Start of Provided material

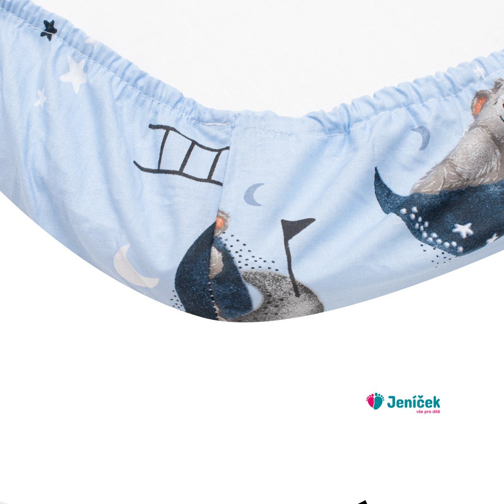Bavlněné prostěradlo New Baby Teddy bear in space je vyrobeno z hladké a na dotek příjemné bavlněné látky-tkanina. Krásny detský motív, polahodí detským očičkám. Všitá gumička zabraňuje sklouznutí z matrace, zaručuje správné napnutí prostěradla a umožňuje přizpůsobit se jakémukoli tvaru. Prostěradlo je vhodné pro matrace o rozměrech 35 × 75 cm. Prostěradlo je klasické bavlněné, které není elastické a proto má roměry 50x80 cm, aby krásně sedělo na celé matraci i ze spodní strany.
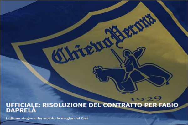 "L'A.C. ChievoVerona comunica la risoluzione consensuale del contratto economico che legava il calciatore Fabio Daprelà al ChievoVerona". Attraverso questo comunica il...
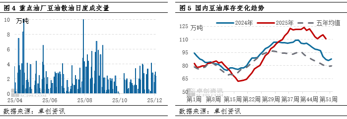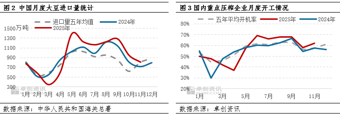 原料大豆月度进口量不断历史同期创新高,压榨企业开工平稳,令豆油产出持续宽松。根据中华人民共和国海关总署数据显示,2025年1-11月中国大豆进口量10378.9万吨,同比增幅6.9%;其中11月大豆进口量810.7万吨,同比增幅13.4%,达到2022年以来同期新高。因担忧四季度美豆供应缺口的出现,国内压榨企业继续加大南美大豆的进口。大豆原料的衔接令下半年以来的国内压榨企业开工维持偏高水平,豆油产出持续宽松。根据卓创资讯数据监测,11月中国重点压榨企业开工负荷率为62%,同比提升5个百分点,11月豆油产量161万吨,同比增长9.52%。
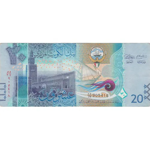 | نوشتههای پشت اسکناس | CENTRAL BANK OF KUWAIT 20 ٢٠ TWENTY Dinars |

End of Provided material

Problem requirements:
A word-for-word repeat is expected of the lines from the one with "原料大豆月度进口量不断历史同" to the end of the data, both included; pictures are not part of it.

Response:
 原料大豆月度进口量不断历史同期创新高,压榨企业开工平稳,令豆油产出持续宽松。根据中华人民共和国海关总署数据显示,2025年1-11月中国大豆进口量10378.9万吨,同比增幅6.9%;其中11月大豆进口量810.7万吨,同比增幅13.4%,达到2022年以来同期新高。因担忧四季度美豆供应缺口的出现,国内压榨企业继续加大南美大豆的进口。大豆原料的衔接令下半年以来的国内压榨企业开工维持偏高水平,豆油产出持续宽松。根据卓创资讯数据监测,11月中国重点压榨企业开工负荷率为62%,同比提升5个百分点,11月豆油产量161万吨,同比增长9.52%。
 | نوشتههای پشت اسکناس | CENTRAL BANK OF KUWAIT 20 ٢٠ TWENTY Dinars |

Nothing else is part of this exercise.